Conflicting table and partitions treatment

If distcp-ng finds that a partition or table it needs to create already exists it will determine whether the existing table / partition is identical to what it would register (e.g. compare schema, location, etc.). If not, it will use a policy to determine how to proceed. The policy is specified using the key hive.dataset.existing.entity.conflict.policy and can take the following values:

  • ABORT: the conflicting table will not be copied (default)
  • REPLACE_PARTITIONS: replace any conflicting partitions, but not tables
  • REPLACE_TABLES: replace any conflicting tables by deregistrating previous tables first.
  • UPDATE_TABLES: Keep the original-registered table but make modification.

Deregistering tables / partitions

Sometimes distcp-ng must deregister a table / partition, for example if it doesn't exist in the source, or if it must be replaced. In this case, distcp-ng offers options on what to do with the files under the deregistered partition.
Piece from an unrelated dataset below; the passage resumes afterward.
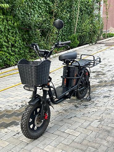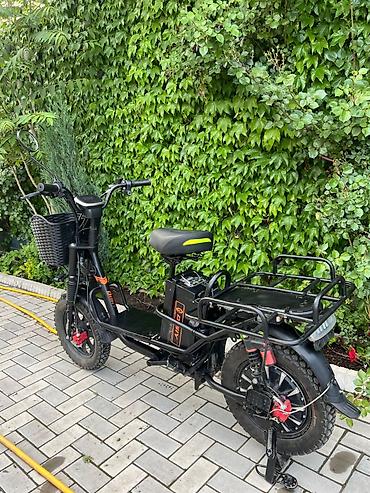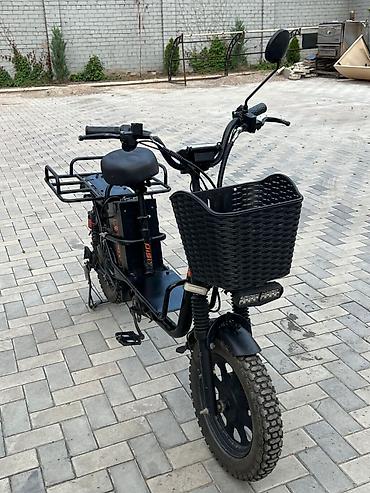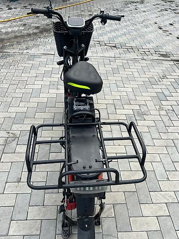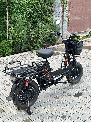Электро велик эки батерейкасы менен - Компоновка: низкая рама, передняя корзина для мелочей, увеличенная задняя грузовая платформа с бортиками и стяжным ремнём. - Посадочные места: основное седло...

Set this policy using the key hive.dataset.copy.deregister.fileDeleteMethod which can take the following values:

  • NO_DELETE: do not delete the files (default)
  • INPUT_FORMAT: use the table / partition input format to infer which files are actually used by that table / partition, and delete only those files.
  • RECURSIVE: delete the entire directory in the table / partition location.

Finding copy files

To specify the files that distcp will copy for each table / partition, use the key hive.dataset.copy.location.listing.method which can take the values:

  • INPUT_FORMAT: use the table / partition input format to infer which files are actually used by that table / partition. (default)
  • RECURSIVE: copy all files under the directory in the table / partition location recursively. If the recursive method is used, user can additionally specify hive.dataset.copy.locations.listing.skipHiddenPaths, which, if true, will not copy any hidden files.

Partition Filter

A partition filter can be applied when copying partitioned tables. Filters can only be applied to text partition columns. To speficy a partition filter use the key hive.dataset.copy.partition.filter.generator.

  • gobblin.data.management.copy.hive.filter.LookbackPartitionFilterGenerator: Filters date-representing partitions by a lookback (i.e. only copy recent partitions). Use the keys hive.dataset.partition.filter.datetime.column, hive.dataset.partition.filter.datetime.lookback, and hive.dataset.partition.filter.datetime.format to configure the filter.

Fast partition skip predicate

A predicate that operates on partitions can be provided to distcp-ng to allow it to quickly skip partitions without having to list all of the source and target files and do a diff on those sets (a costly operation). To set this predicate, provide the class name of the predicate with the key hive.dataset.copy.fast.partition.skip.predicate. Currently only one such predicate exists:

  • RegistrationTimeSkipPredicate: This predicate compares the Hive partition attribute registrationGenerationTimeMillis in the target with the modification time of the partition directory in the source. The partition is skipped unless the directory was modified more recently than the registrationGenerationTime. The attribute registrationGenerationTimeMillis is an attribute set by distcp-ng representing (for all practical purposes) the time at which the distcp-ng job that registered that table started.